ECLI:NL:TGZRAMS:2024:5 Regionaal Tuchtcollege voor de Gezondheidszorg Amsterdam A2023/5827

ECLI: ECLI:NL:TGZRAMS:2024:5
Datum uitspraak: 05-01-2024
Datum publicatie: 05-01-2024
Zaaknummer(s): A2023/5827
Onderwerp: Onjuiste behandeling/verkeerde diagnose
Beslissingen: Ongegrond, kennelijk ongegrond
Inhoudsindicatie: Kennelijk ongegronde klacht tegen een chirurg. De plastisch chirurg heeft bij klaagster een lipoom aan de linkerzijde van de heup operatief verwijderd. Klaagster verwijt de plastisch chirurg onder andere dat hij het operatiegebied niet gedesinfecteerd heeft en dat de nazorg onvoldoende was.

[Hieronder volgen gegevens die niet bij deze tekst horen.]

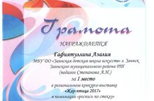 Поздравляем Гафиятуллину Азалию, занявшую 1 место в региональном конкурсе-выставке «Жар-птица 2017» (ПДО Степанова А.Н.).
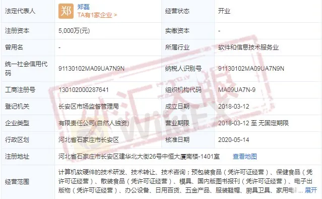 通过查询可知,河北紫府信息科技有限公司成立于2018年3月12日,法人代表为郑磊,注册资本5000万人民币。
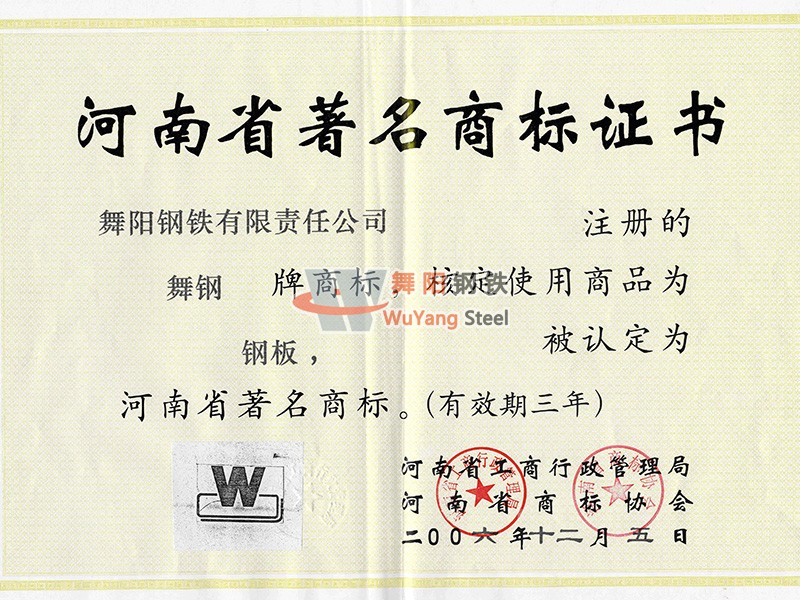 舞陽鋼鐵公司-河南省著名商標稱號
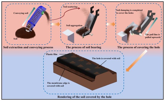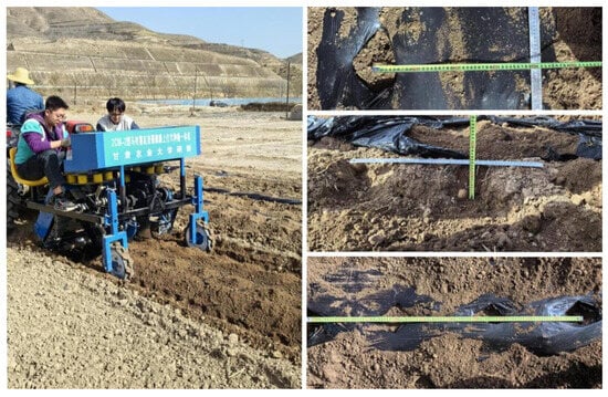 Potatoes, as a versatile crop, have great potential for increasing planting areas and yields [1,2]. In 2015, China initiated a strategy to make potatoes a staple food, providing guidance for the development of the potato industry. The unique geographical environment and climate conditions in the northwest region are highly suitable for potato growth, playing an important role in promoting farmers’ incomes and regional economic development [3,4,5]. In this region, potato planting often employs full film-covering technology for drought resistance. This method features moisture retention, water conservation, fertilization retention, and yield improvement, making it one of the main technologies for increasing potato yield and income in the cold and arid areas of the northwest [6,7]. The planting methods mainly include planting before film covering and planting after film covering [8]. The former method requires manually tearing the film to release the seedlings after emergence, or covering the seed row with soil according to agronomic techniques to allow for natural emergence. This can lead to issues such as time-consuming and labor-intensive manual seedling release, seedling burning, or soil compaction in the planting rows, resulting in a poor seedling emergence rate if not carried out in a timely manner. The latter planting model, which involves covering the film after planting, is more suitable for the agronomic requirements of potato cultivation under film in the northwest region. However, this method lacks mature equipment for hole-punching and seeding on the film, necessitating manual hole-punching and covering. This can result in an inadequate covering of the holes, exacerbating soil moisture loss and causing the film to be blown off by strong spring winds [9].
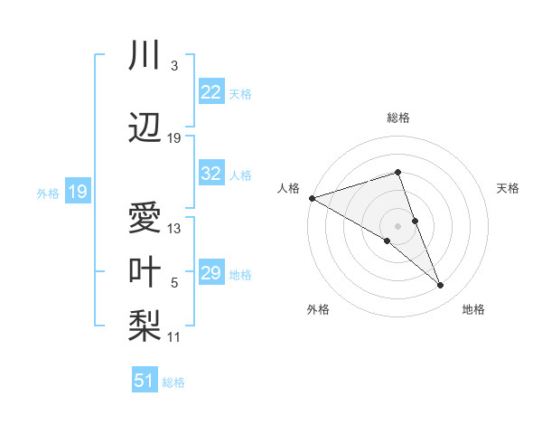 川辺 愛叶梨さんの総格は51画の3点!
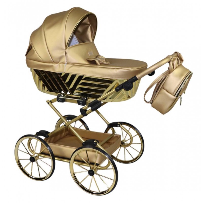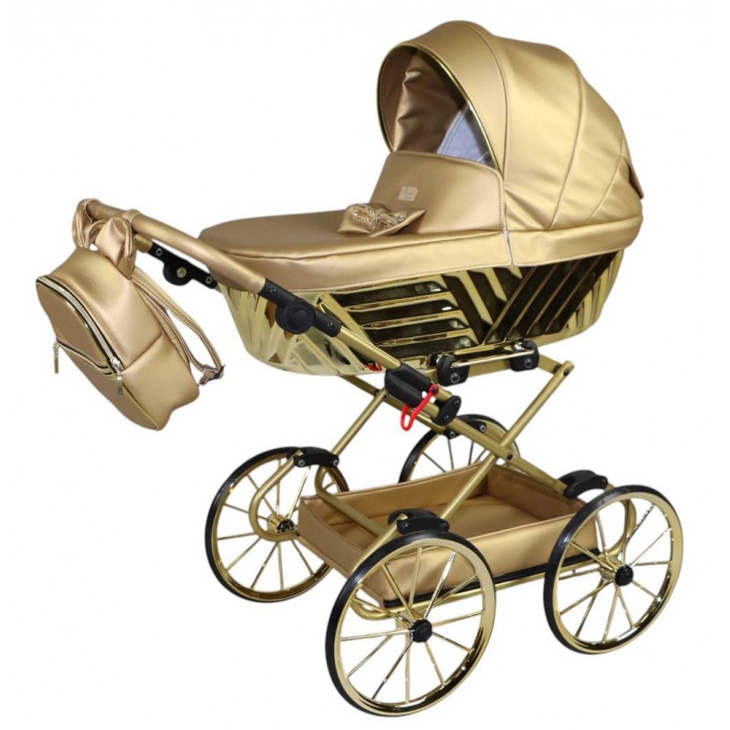 Złote wykończenia – szprychy w kołach, dolna część gondoli i rączka – nadają wózkowi królewski charakter. W komplecie znajduje się dopasowany plecaczek oraz kosz na drobiazgi, które ułatwiają zabawę i dodają elegancji każdej małej opiekunce. To prawdziwa miniaturowa perła, która robi wrażenie na każdym kroku.
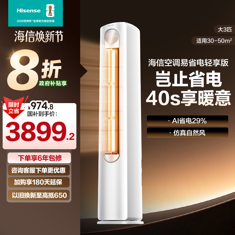 海信空调易省电轻享版大3匹柜机立式家用一级能效变频换新补贴
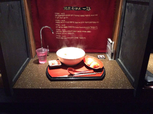 28일 오후 서울 지하철 2호선 신촌역 인근의 한 일본 라면집을 들어서자 무인 자판기가 눈에 들어왔다. 자판기에서 음식을 주문하고 돌아서니 ‘공석 표지판’이 보인다. 커튼을 걷고 들어가면 독서실처럼 생긴 1인석이 마련돼 있다. 자리에 앉아 벨을 누르자 종업원이 와서 식권을 받아갔다. 잠시 후 주문한 음식을 들고 온 종업원은 음식을 테이블에 내려놓은 뒤 커튼을 쳤다. 다른 손님과 눈을 마주치지 않게 하기 위해서다.

Het is volgens het college niet aannemelijk dat de plastisch chirurg het operatiegebied niet ontsmet heeft. Bovendien betekent het ontstaan van een infectie niet zonder meer dat het niet ontsmet is. Dat klaagster is geïnformeerd over de ingreep vindt steun in het medisch dossier. Niet kan worden vastgesteld dat de plastisch chirurg te weinig aandacht aan klaagster heeft besteed. Hij kan voorts niet verantwoordelijk worden gehouden voor het handelen van een andere zorgverlener (verpleegkundige). Klacht is kennelijk ongegrond verklaard.

A2023/5827
Beslissing van 5 januari 2024


REGIONAAL TUCHTCOLLEGE VOOR DE GEZONDHEIDSZORG
AMSTERDAM

Beslissing in raadkamer van 5 januari 2024 op de klacht van:


A,
wonende te B,
klaagster,
gemachtigde: C,


tegen


D,
plastisch chirurg,
werkzaam te B,
verweerder, hierna ook: de plastisch chirurg,
gemachtigde: mr. M.L. Jinkes de Jong, werkzaam te Zoetermeer.


1. Waar gaat de zaak over?
1.1 De plastisch chirurg heeft bij klaagster een lipoom aan de linkerzijde van de heup operatief verwijderd. Klaagster verwijt de plastisch chirurg onder andere dat hij het operatiegebied niet gedesinfecteerd heeft en dat de nazorg onvoldoende was.

1.2 Het college komt tot het oordeel dat de klacht kennelijk ongegrond is. ‘Kennelijk’ betekent dat het niet nodig is om nog vragen aan de partijen te stellen en dat duidelijk is dat de klacht niet gegrond kan worden verklaard. Hierna licht het college toe hoe het tot deze beslissing is gekomen.


2. De procedure
2.1 Het college heeft de volgende stukken ontvangen:
- het klaagschrift met de bijlagen, ontvangen op 12 juli 2023;
- het verweerschrift met de bijlagen;
- de e-mail van de gemachtigde van klaagster van 4 september 2023, met de bijlage;
- de brief van de gemachtigde van klaagster van 4 oktober 2023, binnengekomen op 6 oktober 2023, met als bijlage een machtiging;
- het proces-verbaal van het mondelinge vooronderzoek, gehouden op 23 oktober 2023.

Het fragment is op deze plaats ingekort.